* Task goal
Only the lines from the first line of the entries through the line with "Viertelmodul Bahnübergang. Mechanisch" belong in the answer, each restated word for word and without pictures.

BEGIN Entries supplied

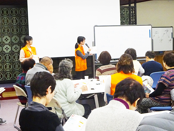 大学での介護予防サロンに、介護予防サポーターを含めた地域の高齢者が参加され、内容を地域に持ち帰って伝達してもらうことで、より多くの方への啓蒙活動が可能になった。
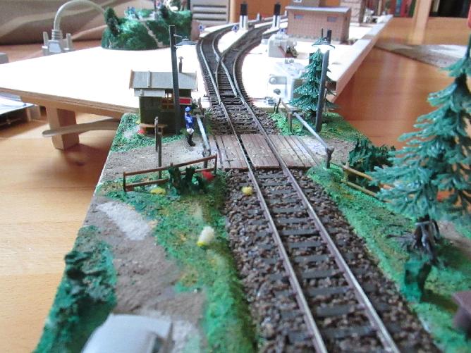 Viertelmodul Bahnübergang. Mechanisch und elektrisch funktioniert es! Aus der Perspektive sieht man nun auch, da der Übergang der Bahnhofsplatte zum Modulsystem auf die Ecke gelegt wurde, passt jedes Modul (aus dem Modulsystem) an die Bahnhofsplatte bzw. die Bahnhofsplatte kann an jedes Modul angekoppelt werden! Ein Problem zeigte sich mit den zu T-Flip-Flop umfunktionierten 4027, die Variante ist unzuverlässig, hier wird es eine andere Lösung geben.
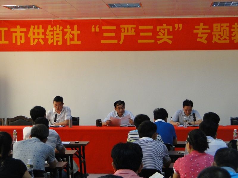 ?????? 5月29日,市社召開“三嚴(yán)三實(shí)”專題教育工作會議,學(xué)習(xí)中央、省委和市委有關(guān)文件精神,部署我社“三嚴(yán)三實(shí)”專題教育工作。黨委書記、主任曹棟做部署講話,副調(diào)研員王新傳達(dá)市委常委會會議精神,副主任呂毅主持會議。各直屬公司、基層社領(lǐng)導(dǎo)班子成員及機(jī)關(guān)干部參加會議。
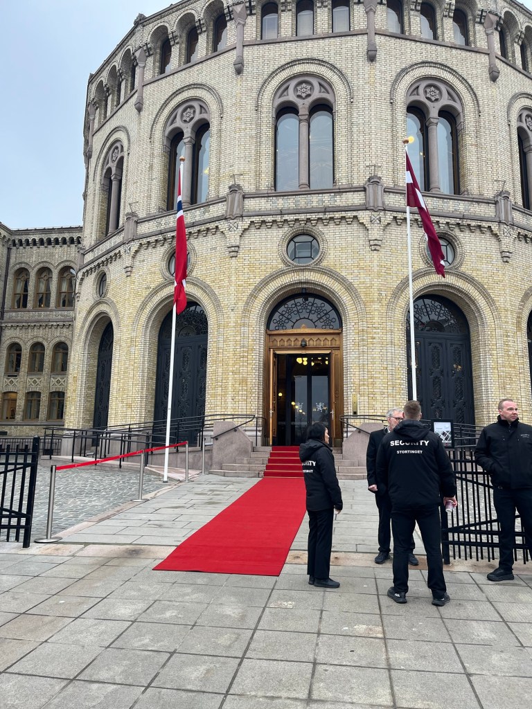 There are police cars lining the street between the Grand Hotel and the Stortering (Parliament) building. Officers line the street and politicians mill around outside . We gawk and walk among them. Oslo natives walk on by like it is a common occurrence.
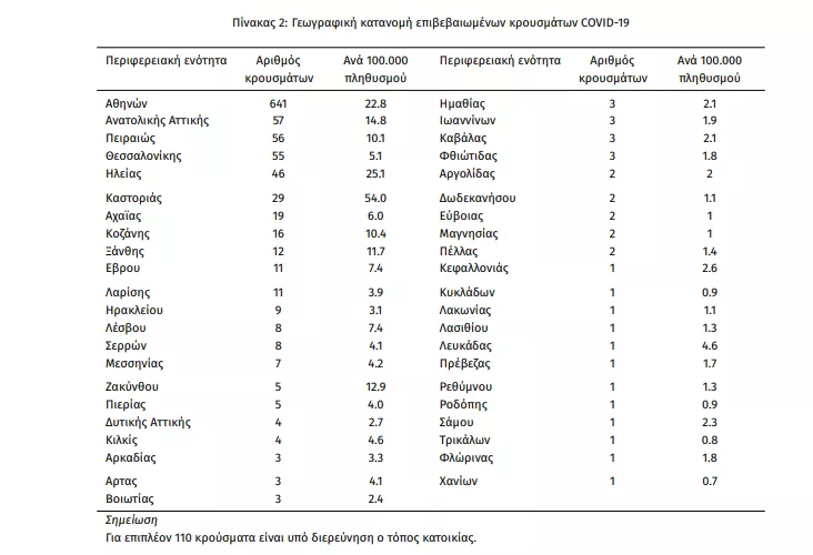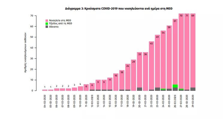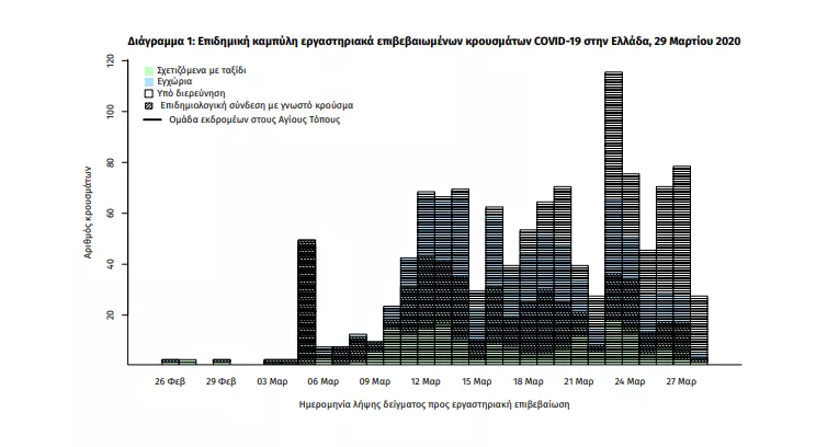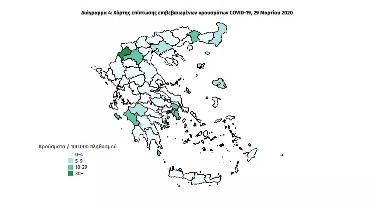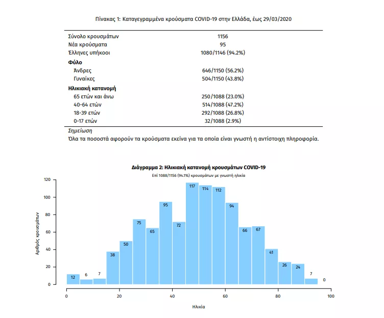 Σε πρόσφατη έκθεση του ΕΟΔΥ παρουσιάζονται τα ευρήματα από την επιδημιολογική επιτήρηση της νόσου από το νέο κορωνοϊό (COVID-19) στην Ελλάδα, με βάση τα στοιχεία που έχουν δηλωθεί στον ΕΟΔΥ και καταγραφεί μέχρι τις 29 Μαρτίου 2020 και ώρα 15:00.
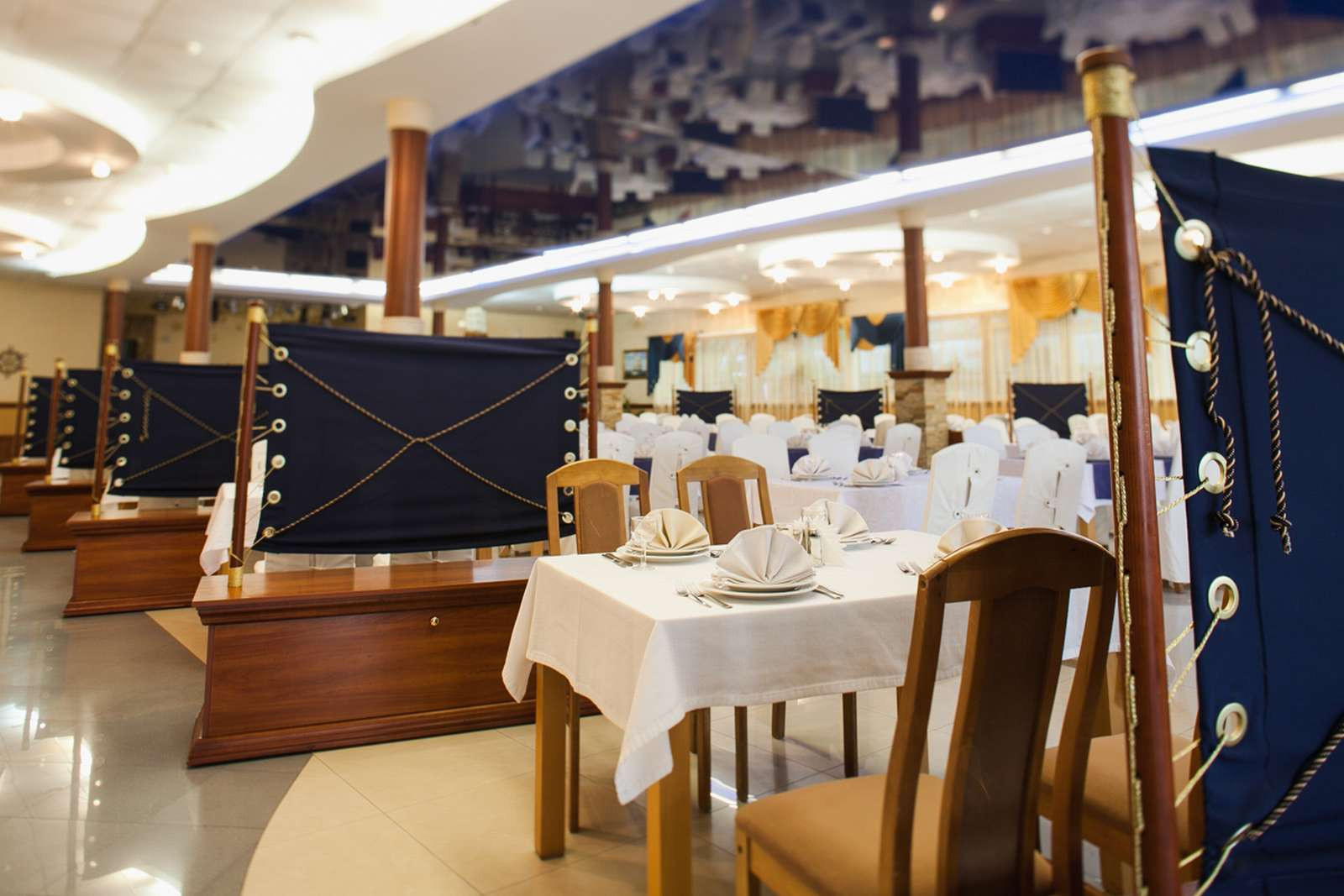 Вас несомненно удивит кулинарное искусство, воплощенное в разнообразии фирменных блюд, представляющих не только особенности одесской, но и национальной украинской, а также европейской кухонь. Здесь, в ресторане у самого синего моря, Вам предложат также вегетарианское и детское меню.
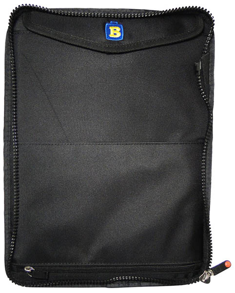 The Rear End Cap is designed to mimic the outside of the Rear Bag. It is used to finish the exposed rear area of a bag, center section, or end cap by zipping on to the exposed area. By adding a Rear End Cap, not only do you add functionality, you protect the exposed zipper, preventing possible damage. The Rear End Cap is 13.5" x 10.5". The Rear End Cap does not come with a Main Handle or a Shoulder Strap. There are three pockets on the outer surface of the Rear End Cap. One main flat pocket that covers the full width and height of the rear panel that is great for storing your iPad or other tablet computer, a thin stack of documents or a magazine or two. The primary pocket is accessed from the top and has a cover flap that is secured with Velcro. There is a second flat pocket on the outside of the first one that is somewhat smaller that is accessed through a vertical zipper on the rear panel. This is a great place to store a few smaller documents such as some travel documents or receipts etc. And finally there is a third flat half pipe slip pocket that acts as a great place to store a couple of basic documents that you want to have easy access to such as today's checklists or your boarding pass etc. The Rear End Cap is not intended to be carried by itself without anything zipped onto its front surface. The front exterior surface of the Rear End is just a "naked" panel with no pockets. With nothing attached to this surface, the separation zipper (the main zipper that allows other FLEX modules to be zipped on) ends up being rather exposed because it is just "hanging off" the front side of the bag. (Plus it just plain looks bad.) If you plan to carry the Rear End Cap by itself you should make sure you have a Front End Cap available as part of your FLEX system. This will do several things all at once: [1] It will "complete" the front surface of the Rear End Cap making it look finished and professional. [2] It will protect the separation zipper by closing it off. [3] You will get our smallest configuration. We call this the Portfolio Bag. Perfect for your iPad or tablet computer and its cords, drives, and documents you need to carry. This configuration comes with a Portfolio Handle, which attaches to the Front End Cap. NOTE: The FLEX modules WILL NOT WORK with (will not zip onto) any older BrightLine Bag. The zippers had to be of a different type to allow this modularity concept to work. The Rear End Cap can attach to the rear end of all FLEX System modules except the Rear Bag. |
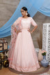 Peach Thread Embroidery Georgette Anarkali Long Gown Semi Stitched
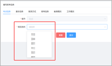 修改考區(qū)操作將會清空此項目下已經(jīng)填寫的報名信息,但不影響注冊信息和基本信息。
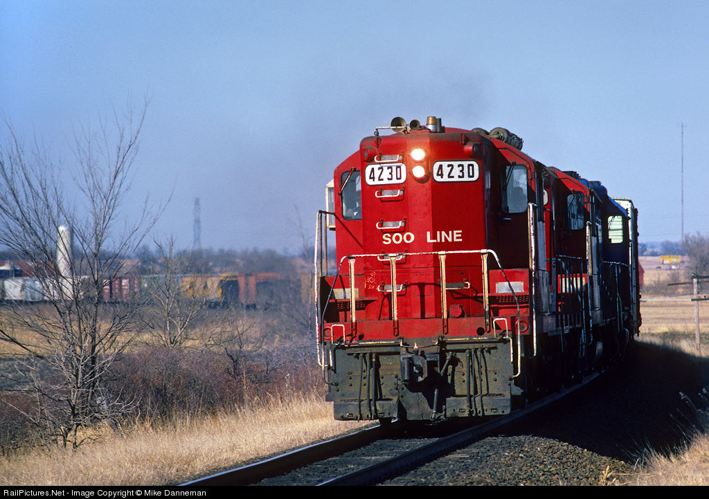 Storming up Byron Hill, south of Fond du Lac, Wisconsin, a Soo Line freight attacks the grade on March 22, 1987. This was in the colorful Lake States era on this portion of the original Soo Line, with this train rating two Soo GP9s and a leased Conrail GP35.
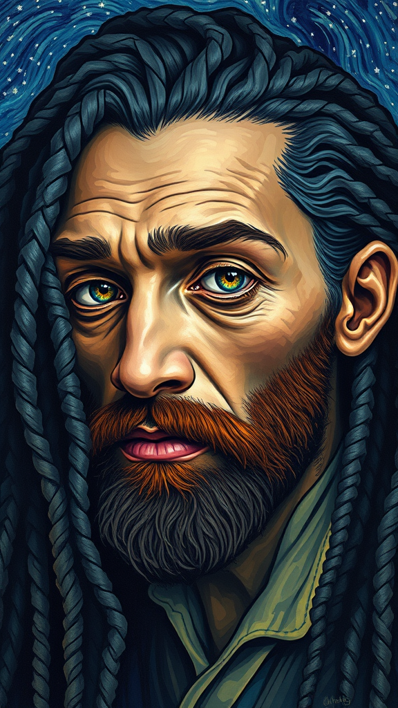 Van Gogh reimagined with ebony dreadlocks cascading over his shoulders, his piercing eyes reflecting a world of color and emotion, set against the backdrop of swirling stars.
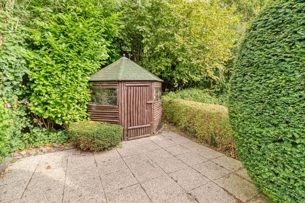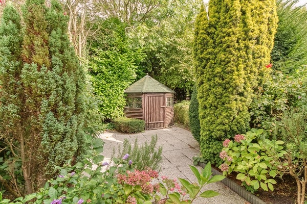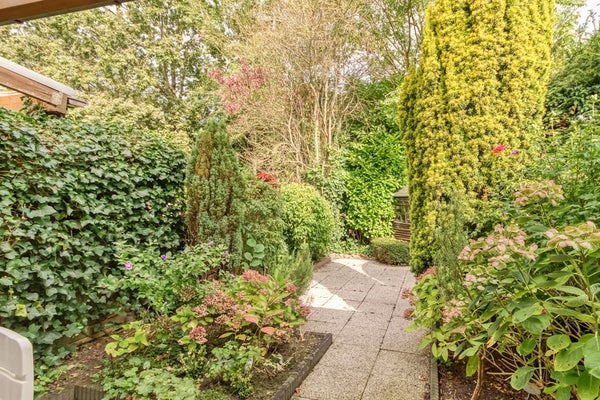 Achtertuin op het noorden met gedeeltelijk overdekt terras en tuinhuis ideaal voor het opbergen van strandspullen en (tuin)gereedschap. De tuin is voorzien en omringd door veel groen en bomen waardoor er volop privacy is. De voortuin is gelegen op het zuiden en heeft eveneens een overdekt terras waar het aangenaam zitten is in het zonnetje. Op eigen terrein is er parkeerplaats voor 2 auto’s.
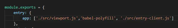 - 根据屏幕大小动态设置HTML根字体大小和viewport scale。实现这一点这个项目用到了hotcss这个工具,但由于官方配置略麻烦,也没有相应的webpack项目官方配置说明,这里直接把hotcss里的src目录下的hotcss.js内容拷贝出来,在自己项目中新建一个viewport.js的文件,把hotcss.js里的内容黏贴进去。然后在webpack的config文件里,根据你建的这个个viewport.js文件的路径,在entry把他添加进去,如图所示:
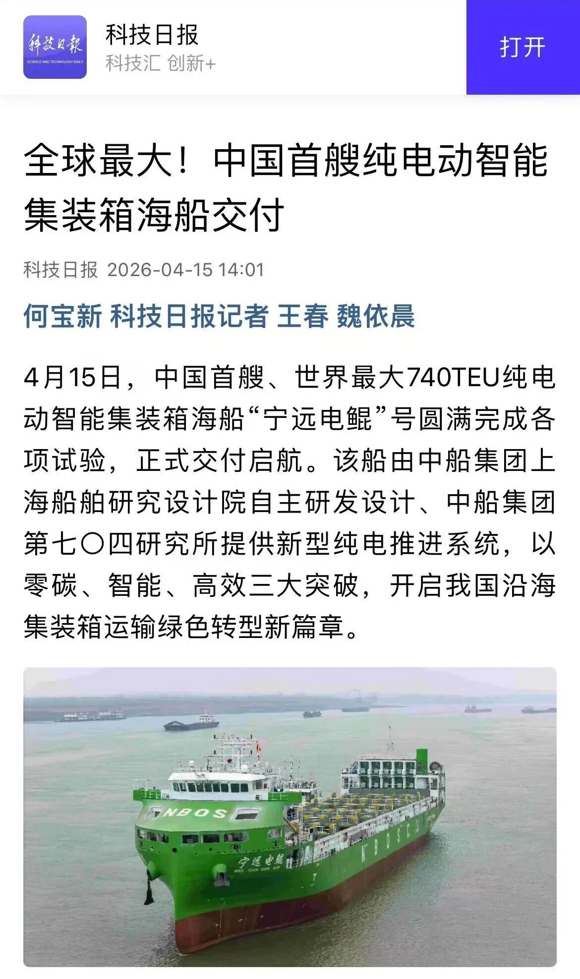 4月15日,由永利总站·(中国)集团 旗下六〇四院自主研发设计、七〇四所提供新型纯电推进系统的纯电动智能敞口集装箱海船“宁远电鲲”号正式交付启航。
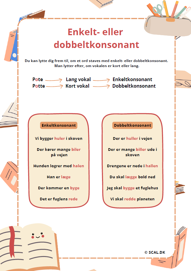 Plakat til træning af enkelt eller dobbeltkonsonant

END Entries supplied

* Response area
 大学での介護予防サロンに、介護予防サポーターを含めた地域の高齢者が参加され、内容を地域に持ち帰って伝達してもらうことで、より多くの方への啓蒙活動が可能になった。
 Viertelmodul Bahnübergang. Mechanisch und elektrisch funktioniert es! Aus der Perspektive sieht man nun auch, da der Übergang der Bahnhofsplatte zum Modulsystem auf die Ecke gelegt wurde, passt jedes Modul (aus dem Modulsystem) an die Bahnhofsplatte bzw. die Bahnhofsplatte kann an jedes Modul angekoppelt werden! Ein Problem zeigte sich mit den zu T-Flip-Flop umfunktionierten 4027, die Variante ist unzuverlässig, hier wird es eine andere Lösung geben.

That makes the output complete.